**Work to be completed:** Print the listing below verbatim, passing over each picture.

**Data block:**
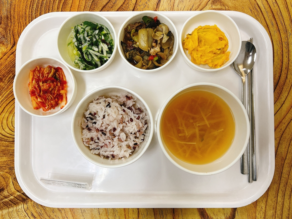 1월 11일 중식은 < 백미밥(죽/잡곡밥) / 팽이미소된장국 / 불고기낙지볶음 / 단호박감자범벅 / 물파래무침 / 김치 > 였습니다.
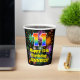 This colourful and exciting birthday paper cup design features a large number “11” having a rainbow spectrum gradient inspired pattern. It also features the message “Happy 11th Birthday,”, and a personalised name. The background features a vibrant and colourful pattern inspired by bursting celebratory fireworks. Colourful, vibrant paper cups like this might be fun to have at a birthday celebration being held in celebration of somebody’s eleventh birthday. [~Z0000539]
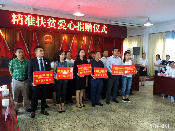 2016年5月20日上午,雙流區(qū)(公興)“精準扶貧愛心捐贈”儀式在公興街道辦事處舉行,區(qū)委常委、統(tǒng)戰(zhàn)部部長、總工會主席蔣莉,區(qū)委統(tǒng)戰(zhàn)部常務副部長潘萬春,區(qū)委統(tǒng)戰(zhàn)部副部長、區(qū)工商聯(lián)黨組書記杜小娟等領導出席儀式。四川華體照明科技股份有限公司董事長兼總裁梁熹受邀參加捐贈活動。據(jù)悉,此次捐贈活動共籌集善款32萬元,區(qū)紅十字會將設立專門賬戶進行管理,確保精準放款。

**Solved exercise:**
 1월 11일 중식은 < 백미밥(죽/잡곡밥) / 팽이미소된장국 / 불고기낙지볶음 / 단호박감자범벅 / 물파래무침 / 김치 > 였습니다.
 This colourful and exciting birthday paper cup design features a large number “11” having a rainbow spectrum gradient inspired pattern. It also features the message “Happy 11th Birthday,”, and a personalised name. The background features a vibrant and colourful pattern inspired by bursting celebratory fireworks. Colourful, vibrant paper cups like this might be fun to have at a birthday celebration being held in celebration of somebody’s eleventh birthday. [~Z0000539]
 2016年5月20日上午,雙流區(qū)(公興)“精準扶貧愛心捐贈”儀式在公興街道辦事處舉行,區(qū)委常委、統(tǒng)戰(zhàn)部部長、總工會主席蔣莉,區(qū)委統(tǒng)戰(zhàn)部常務副部長潘萬春,區(qū)委統(tǒng)戰(zhàn)部副部長、區(qū)工商聯(lián)黨組書記杜小娟等領導出席儀式。四川華體照明科技股份有限公司董事長兼總裁梁熹受邀參加捐贈活動。據(jù)悉,此次捐贈活動共籌集善款32萬元,區(qū)紅十字會將設立專門賬戶進行管理,確保精準放款。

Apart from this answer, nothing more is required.